Intensified chemotherapy increases the survival rates in patients with stage 4 neuroblastoma with MYCN amplification

Abstract

Purpose: Patients with high-risk neuroblastoma who have multiple copies of MYCN fare much worse than do those without MYCN amplification; however, it has not been clarified whether intensified chemotherapy with or without blood stem cell transplantation can alter the extremely poor prognosis of patients with amplified MYCN.

Methods and results: Between 1985 and 1999, 301 patients older than age 12 months with stage 4 neuroblastoma were treated. From January 1985 to February 1991, 80 patients with stage 4 neuroblastoma with and without MYCN amplification uniformly received induction chemotherapy with regimen A(1) (cyclophosphamide 1,200 mg/m(2) and vincristine 1.5 mg/m(2) on day 1, tetra-hydropyranyl [THP]-Adriamycin 40 mg/m(2) on day 3, and cisplatin 90 mg/m(2) on day 5). Among 22 patients with MYCN amplification, nine (40.9%) achieved a complete remission and seven (31.8%) underwent stem cell transplantation. Of 58 patients without MYCN amplification, 43 (74.1%) achieved a complete remission and 14 (24.1%) underwent stem cell transplantation. The 5-year relapse-free survival rates were 23.2% for stage 4 patients with MYCN amplification and 33.3% for those without MYCN amplification (P = 0.029); the 5-year overall survival rates were 32.8% for stage 4 patients with MYCN amplification and 42.8% for those without MYCN amplification (P > 0.05). From March 1991 to June 1998, patients with stage 4 neuroblastoma who had 10 or more copies of MYCN were treated with regimen A(3) (cyclophosphamide 1,200 mg/m(2) per day on days 1 and 2, THP-Adriamycin 40 mg/m(2) on day 3, etoposide 100 mg/m(2) per day on days 1 to 5, and cisplatin 25 mg/m(2) per day on days 1 to 5); those with fewer than 10 copies of MYCN received regimen new A (cyclophosphamide 1,200 mg/m on day 1, THP-Adriamycin 40 mg/m on day 3, etoposide 100 mg/m per day on days 1 to 5, and cisplatin 90 mg/m on day 5), which is similar in intensity to regimen A. Among 88 patients with MYCN amplification, 63 (71.6%) achieved a complete remission and 63 (71.68%) underwent stem cell transplantation. Of 133 patients without MYCN amplification, 93 (69.9%) achieved a complete remission and 71 (53.4%) underwent stem cell transplantation. The 5-year relapse-free survival rates were 36.0% for stage 4 patients with MYCN amplification and 32.2% for those without MYCN amplification (P > 0.05), the 5-year overall survival rates were 34.0% for stage 4 patients with MYCN amplification and 38.9% for those without MYCN amplification (P > 0.05). The difference in relapse-free survival rates was significantly different (P = 0.003) between patients with MYCN-amplified tumor treated before (regimen A(1)) versus after 1991 (regimen A(3)).

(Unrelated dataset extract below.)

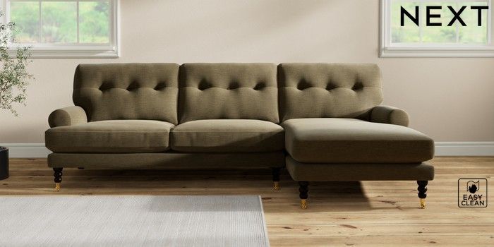 7.2.10 Erin Buttoned Back Deep Relaxed Sit Medium Sofa Chaise - Right Hand Fine Chenille Easy Clean Dark Moss Green High Classic Turned Brass Castor - Dark | Made Click here to use our website with more accessibility support, for example screen readers

Conclusions: With the use of the more intensive induction regimen A plus blood stem cell transplantation for MYCN-amplified patients, survival curves for those with or without MYCN amplification now appear similar. Higher doses of chemotherapy may ameliorate the effect of MYCN amplification in patients with high-risk neuroblastoma.